Run python test-nodes.py from the current directory to run tests.

You can run a specific test with python test-nodes.py TEST.

Tests include:

  • cons (cons/car/cdr test)
  • arithmetic (arithmetic test)
  • controlflow (if-else/while test)
  • functions (function definition, call test)
  • repl
  • scoping (dynamic/lexical scoping test)
  • bytecode, bytecode2, bytecode3 (bytecode generation, evaluation test)
  • optimizer (bytecode and ast optimizer test)
  • functionality (extra functionality test)

Some brief notes about the design

Parser

Parsing occurs in two steps, ass seen in the parse() function:

  • tokenize
  • build the AST

The tokenizing is accomplished via simple use of regular expressions.

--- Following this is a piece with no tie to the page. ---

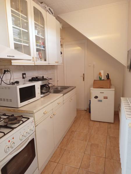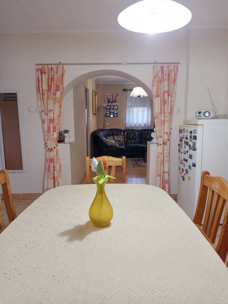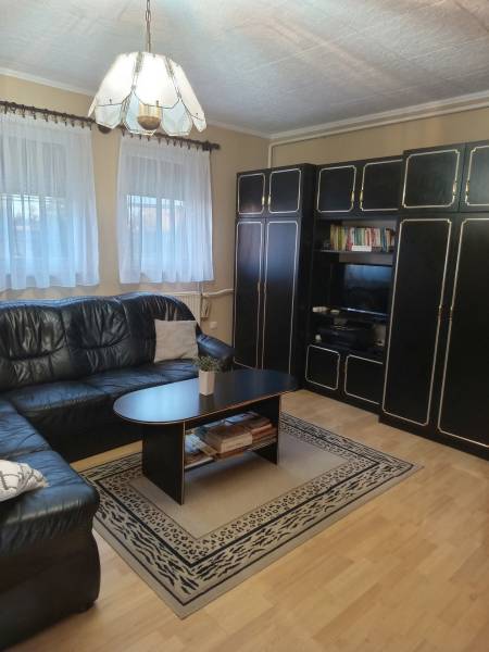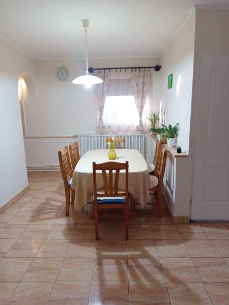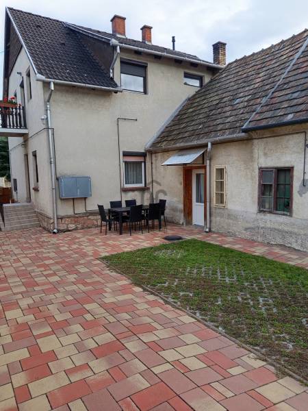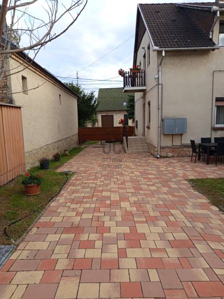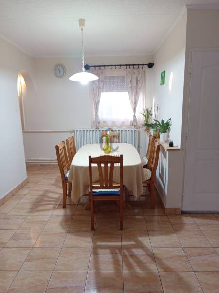 Eladásra kínálunk Tatán egy kiváló adottságokkal rendelkező, kétgenerációs családi házat, amely két külön helyrajzi számon szerepel, így akár befektetésnek, akár összeköltöző családtagok részére is ideális választás lehet.Az ingatlan főbb jellemzői:Telek mérete: 795 m²Lakótér: két különálló lakás, jól kialakított helyiségekSzerkezet:Alsó szint: 1970-ben épült, tégla falazattalFelső szint: 1993-ban került beépítésre, Habisol (könnyített beton) szerkezettelHelyiségek elosztása:Földszint:Előszoba2 hálószobaTágas étkezőKonyhaKülön WCFürdőszoba WC-velEmelet:ElőszobaTágas étkezőKonyha2 szobaNappaliFürdőszobaKülön WC2 m²-es erkélyAz emeleti szint álmennyezettel lett ellátva, a fürdőszobát felújították, valamint az egyik szoba gipszkarton válaszfallal lett kettéosztva, így jött létre két hálószoba és egy nappali.Műszaki adatok, extrák:Fűtés:Gáz cirkó (2006-ban teljes rendszer cserélve, beleértve a radiátorokat is)Alternatív fűtési lehetőség: mindkét szinten cserépkályhaNyílászárók:Földszinten: műanyag nyílászárók redőnnyelEmeleten: Sofa típusú ablakok redőnnyelTető:15 cm-es szigeteléssel ellátvaVillamoshálózat cserélveKert és külső melléképületek:A 795 m²-es udvar gondozott, részben térkövezett, és a következő extrákat kínálja:2 garázsNyári konyhaTárolókMűhelyTöbb gyümölcsfa a kertbenTöbb autó beállási lehetőség:2 autó a ház előtt2 autó a garázsokbanTovábbi parkolás a térkövezett kertbenTársasházi jogviszony, két külön lakásként használhatóAz ingatlan társasházzá van nyilvánítva, külön mérőórákkal rendelkezik, így teljesen független élettér biztosított a két szint között – ideális két generáció számára, vagy akár bérbeadásra is tökéletesen alkalmas.Összegzés:Ez a tatai ingatlan kiváló választás lehet:több generáció együttélésére,befektetésként kiadásra,vagy akár vállalkozás/családi otthon kombinációjaként.A két külön lakrész, a tágas udvar, valamint a sok melléképület és parkolási lehetőség együtt ritka lehetőséget kínál a városban.Amennyiben felkeltette érdeklődését az ingatlan, további információért illetve megtekintéssel kapcsolatban várom hívását.

Our grammar is a context-free grammar and can roughly be written with the following production rules:

start -> sexpr start
start -> end
sexpr -> '(' termlist ')'
termlist -> term termlist
termlist -> end
term -> /\w+/ | /\d+/ | /".+"/

This grammar does not support infix notation. It only supports prefix notation. This simplifies parsing by eliminating ambiguities.

It's possible for us to use regular expression with backtracking to tokenize the above. In the build-AST step, we validate the grammar (for example, balancing of parantheses), using regular program logic.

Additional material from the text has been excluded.